• **Data to examine**
════════

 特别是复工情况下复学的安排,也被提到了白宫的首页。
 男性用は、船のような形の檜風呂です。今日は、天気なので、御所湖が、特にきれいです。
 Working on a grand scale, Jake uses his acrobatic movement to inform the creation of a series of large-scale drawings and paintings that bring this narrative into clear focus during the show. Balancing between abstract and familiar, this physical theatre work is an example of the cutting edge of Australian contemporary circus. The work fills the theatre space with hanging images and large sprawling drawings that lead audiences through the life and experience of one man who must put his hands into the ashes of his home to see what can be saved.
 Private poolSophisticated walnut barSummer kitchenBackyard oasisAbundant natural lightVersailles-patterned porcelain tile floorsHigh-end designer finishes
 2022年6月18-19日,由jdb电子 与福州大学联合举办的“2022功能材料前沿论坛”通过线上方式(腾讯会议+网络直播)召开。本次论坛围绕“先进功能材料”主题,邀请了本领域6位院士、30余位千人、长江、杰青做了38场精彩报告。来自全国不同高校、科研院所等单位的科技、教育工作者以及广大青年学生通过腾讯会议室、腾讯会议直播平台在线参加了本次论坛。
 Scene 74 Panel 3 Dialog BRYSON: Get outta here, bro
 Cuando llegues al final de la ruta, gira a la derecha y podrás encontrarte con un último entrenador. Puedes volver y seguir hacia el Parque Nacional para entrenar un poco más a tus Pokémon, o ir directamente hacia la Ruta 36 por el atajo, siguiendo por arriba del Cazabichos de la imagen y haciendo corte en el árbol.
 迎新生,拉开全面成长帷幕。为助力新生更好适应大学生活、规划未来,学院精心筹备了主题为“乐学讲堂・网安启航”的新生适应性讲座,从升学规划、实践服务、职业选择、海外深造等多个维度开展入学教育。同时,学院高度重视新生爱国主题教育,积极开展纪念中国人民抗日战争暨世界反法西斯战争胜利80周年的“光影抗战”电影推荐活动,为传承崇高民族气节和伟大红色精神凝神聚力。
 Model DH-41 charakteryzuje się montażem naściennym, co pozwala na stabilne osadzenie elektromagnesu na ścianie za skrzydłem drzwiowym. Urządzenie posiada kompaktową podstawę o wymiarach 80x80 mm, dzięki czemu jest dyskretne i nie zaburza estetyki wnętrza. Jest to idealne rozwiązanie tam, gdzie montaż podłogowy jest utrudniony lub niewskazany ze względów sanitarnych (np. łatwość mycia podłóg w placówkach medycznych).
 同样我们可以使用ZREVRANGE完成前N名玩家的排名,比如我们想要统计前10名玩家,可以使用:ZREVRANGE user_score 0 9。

════════

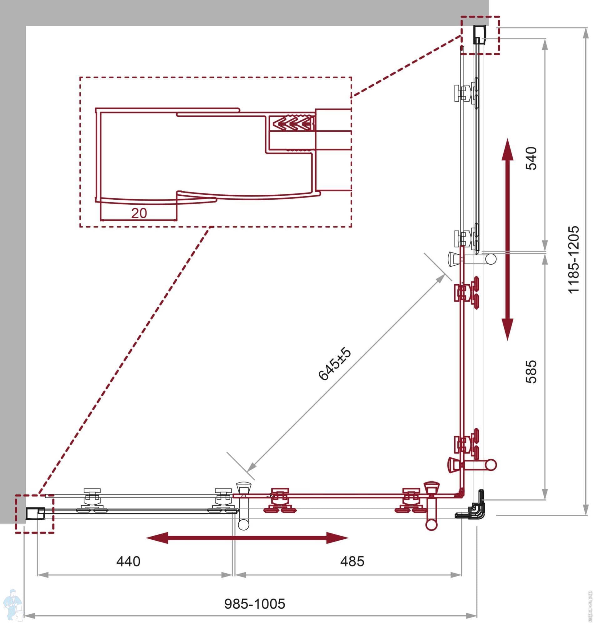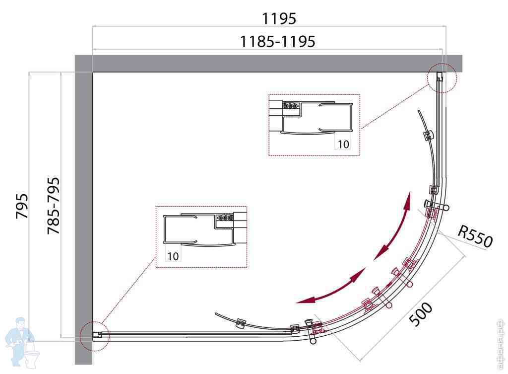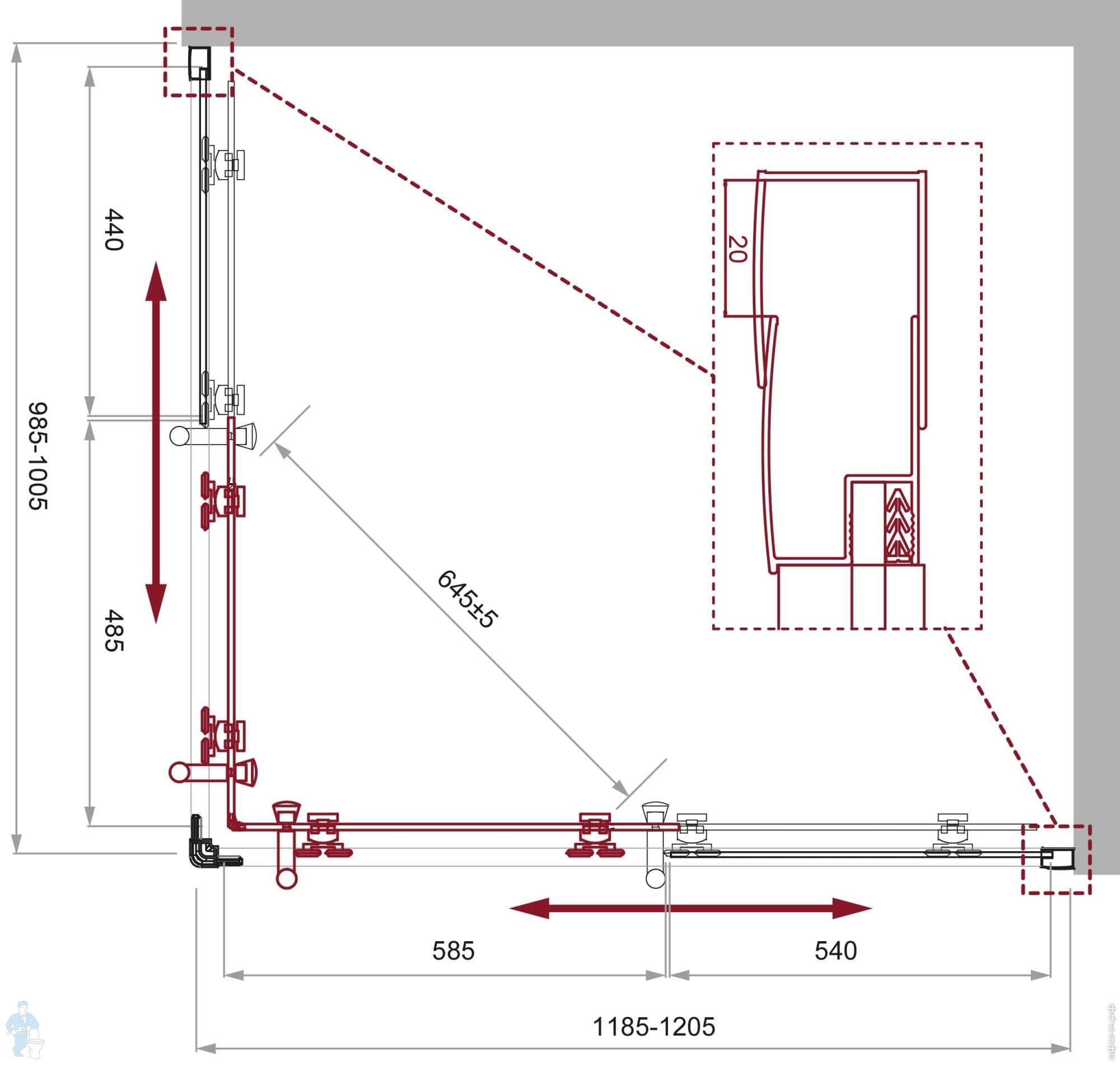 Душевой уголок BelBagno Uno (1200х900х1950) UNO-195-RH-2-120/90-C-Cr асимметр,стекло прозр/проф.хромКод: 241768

════════

• **Task objective**
Out of the material above, output word for word the line with "特别是复工情况下复学的安排,也被提到了白宫的首页。", the line with "Working on a", and all lines between them, with nothing else.

• **Output**
 特别是复工情况下复学的安排,也被提到了白宫的首页。
 男性用は、船のような形の檜風呂です。今日は、天気なので、御所湖が、特にきれいです。
 Working on a grand scale, Jake uses his acrobatic movement to inform the creation of a series of large-scale drawings and paintings that bring this narrative into clear focus during the show. Balancing between abstract and familiar, this physical theatre work is an example of the cutting edge of Australian contemporary circus. The work fills the theatre space with hanging images and large sprawling drawings that lead audiences through the life and experience of one man who must put his hands into the ashes of his home to see what can be saved.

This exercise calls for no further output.